2.3. Measurement of Bristle Splaying Using Digital Software
The measurement method of bristle splaying using a photo-taking set and digital software is described in our previous paper [3]. The head of the toothbrush was shielded by black paper to prevent light reflection from the toothbrush head (Figure 2A). A photograph of the front view of the toothbrush head was taken by the photo-taking set with a digital camera [3]. After preparing black and white pictures of the tuft bristle (Figure 2B), the white region was digitally analyzed using NIH ImageJ software.
Figure 2
Digital photograph of the toothbrush head. (A) Toothbrush head shielded by black paper. Top– (arrow) and bottom–middle (arrowhead) tufts of the PBT toothbrush. (B) Black and white images of the toothbrush head. Top– (arrow) and bottom–middle (arrowhead) tufts of the PBT toothbrush.
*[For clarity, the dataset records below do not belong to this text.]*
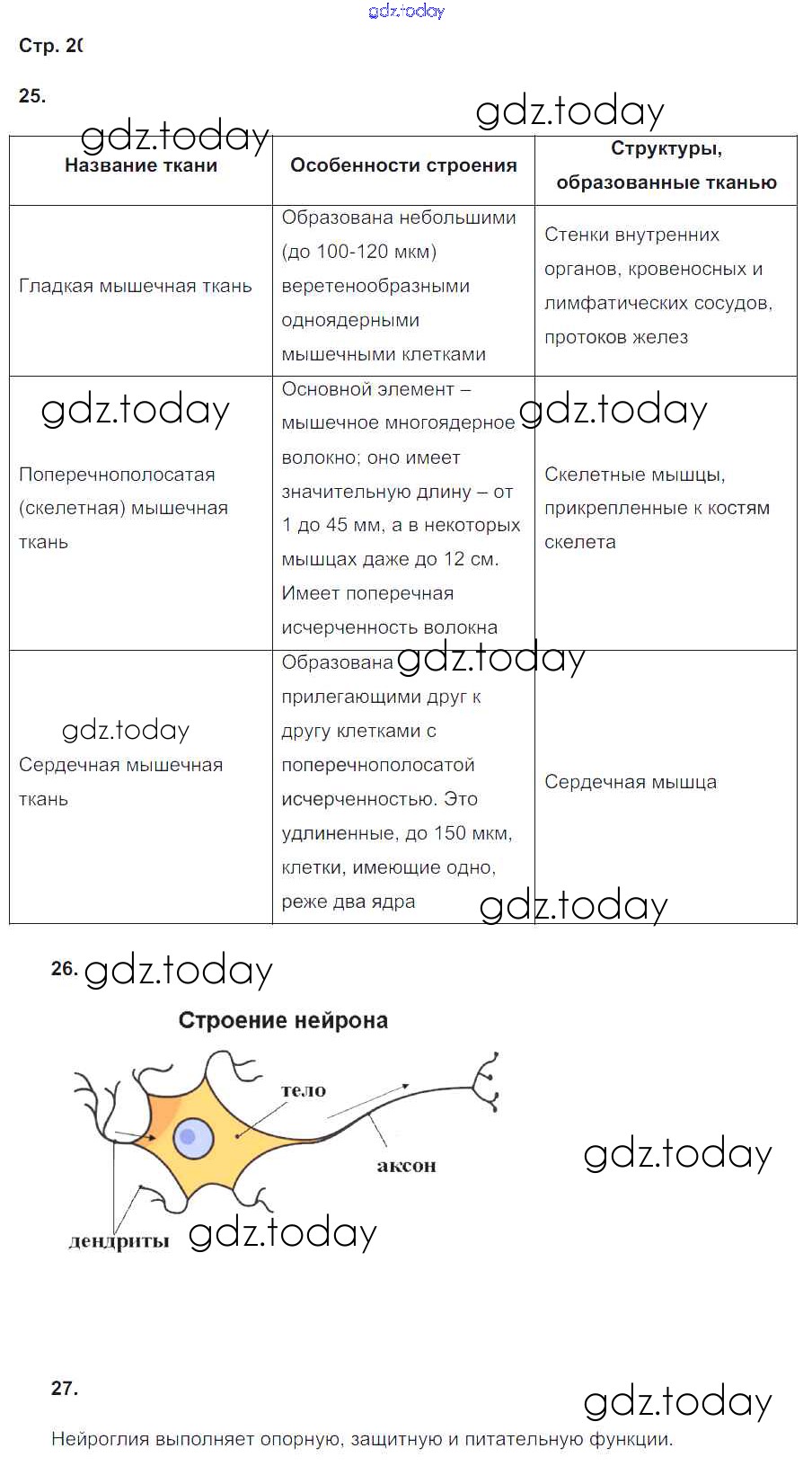 Ответы к Страницы (решение) 20 Рабочей тетради по Биологии для 8 класса Сонин, Агафонова Дрофа УМК 2017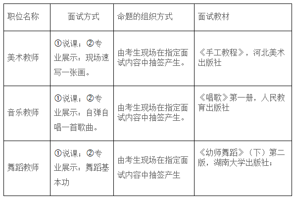 采取临时抽签的方式确定具体内容。面试采取说课和专业展示的形式进行,说课准备时间20分钟,正式面试时间为说课15分钟、专业展示5分钟。报考同一职位的考生使用同一试题,满分为100分。具体面试要求如下: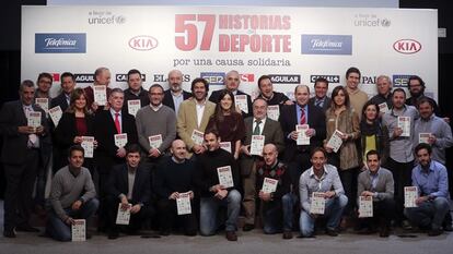 Desde el domingo 22 de diciembre está en los quioscos el libro 57 historias del deporte por una causa solidaria, un volumen de más de 300 páginas que recoge las anécdotas de 57 periodistas deportivos de PRISA. El libro costará 10 euros y el objetivo es recaudar fondos para UNICEF. En concreto para su programa Enrédate, destinado a promover en los colegios españoles el conocimiento de los derechos de la infancia. La presentación del libro, que ha contado con el patrocinio de Kia y Telefónica, tuvo lugar en la sala de encuentros de EL PAÍS.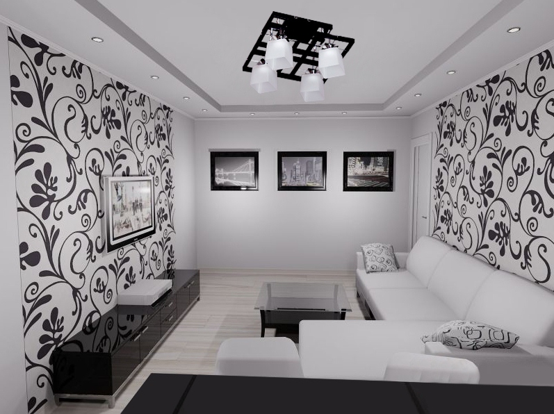 If the ceiling in the room is low, you can not glue on the walls dark wallpaper with a volume print. It is appropriate to light canvases with small patterns that visually eliminate the disadvantage of the room. For small premises (including one-room apartments in the Khrushchev), it is better to choose light wallpaper with a monochrome and small print, reflective elements. It is not recommended to use the ceiling baguette.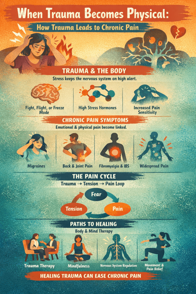 Yes. Trauma can keep the nervous system stuck in a constant stress response, which changes how the brain processes pain signals and can lead to long-term physical discomfort.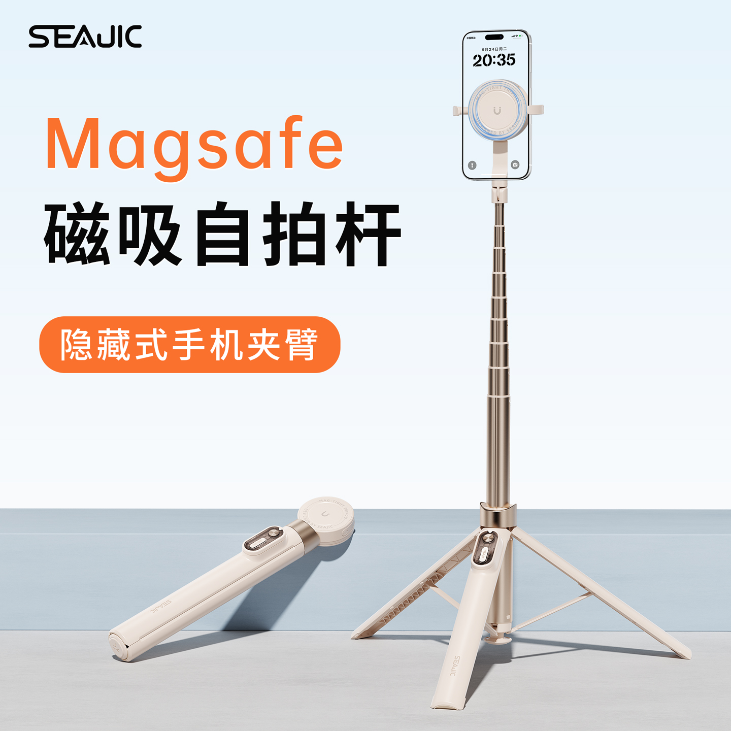 SEAJIC施吉客落地开磁吸自拍杆2025新款通用手持自拍神器旅游便携手机拍照支架丢丢杆落地三脚架演唱会支架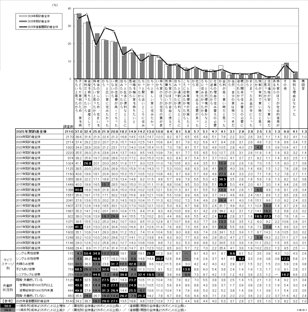 首都圏とは異なり、「資産を持ちたい、資産として有利だと思ったから」という理由は第二位ですが、2003年の9%から徐々に増えて2025年は32%となり、これまでで最も多くなりました。

2.4. Evaluation of Bristle Abrasion Using a SEM
A SEM (JSM-7200F, JEOL Ltd., Tokyo, Japan) was used to examine bristle abrasion. The bristle surface was examined by a SEM at 1.0 kV accelerating voltage at 30× and 100× magnification after a gold coating was applied using a sputtering device (JFC-3000FC, JEOL Ltd.) [17]. The two-dimensional SEM images obtained from directly above and at 70° to the bristle surface were used with a working distance of 12 mm. A bristle was scored in accordance with the shape of the bristle end in the SEM image. A bristle with a tapered shape or a rounded end was considered to be acceptable and scored 1 (Figure 3). A bristle with a flattened end was considered to show clear signs of wear and scored 2 (Figure 3). A bristle with a split end was considered to show severe signs of wear and scored 3 (Figure 3). The bristle abrasion score per tuft was calculated as the total abrasion score divided by the total number of bristles of the tuft (i.e., bristle abrasion score = total abrasion score per tuft/total number of bristles per tuft).
Figure 3
SEM images of the bristle end. A bristle with a tapered end, a rounded end, a flattened end, and a split end.
2.5. Statistical Analysis
The results were statistically analyzed using JMP Pro software (version 15.0.0, SAS Institute Inc., Cary, NC, USA). The Mann–Whitney U test was used to compare the differences between the two groups. The Steel–Dwass test was used for multiple comparisons. p < 0.05 was considered to indicate statistical significance.
3. Results
3.1. Changes in the Deflection of the Top– and Bottom–Middle Tufts of the PBT Toothbrushes
The deflection values of the top– and bottom–middle tufts were measured at M0, M1, M2, and M3. The deflection value of the top–middle tuft significantly increased at M1, M2, and M3 compared with M0 (p < 0.001, p < 0.001, and p < 0.001, respectively, Steel–Dwass test) (Figure 4A). No significant difference of deflection was found between M1 and M2, M1 and M3, or M2 and M3 (Figure 4A). In contrast, a significant increase in the deflection value of the bottom–middle tuft was not found at M1 and M2 compared with M0 (Figure 4B). The deflection value of the bottom–middle tuft significantly increased at M3 compared with M0, M1, and M2 (p < 0.001, p < 0.001, and p < 0.001, respectively, Steel–Dwass test) (Figure 4B). In addition, a significant difference in the deflection value was found between the top– and bottom–middle tufts at M0, M1, M2, and M3 (Mann–Whitney U test) (Table 1). These results suggest that the bending stiffness of the bottom–middle tuft can be maintained for 2 months, but rapidly decreases after 3 months. Importantly, the change in deflection was distinctly different between the top– and bottom–middle tufts.
Figure 4
Deflection values of the top– and bottom–middle tufts at M0, M1, M2, and M3. (A) Top–middle tuft. *** p < 0.001. (B) Bottom–middle tuft. *** p < 0.001.
Table 1
Deflection values of the top– and bottom–middle tufts of the PBT toothbrushes.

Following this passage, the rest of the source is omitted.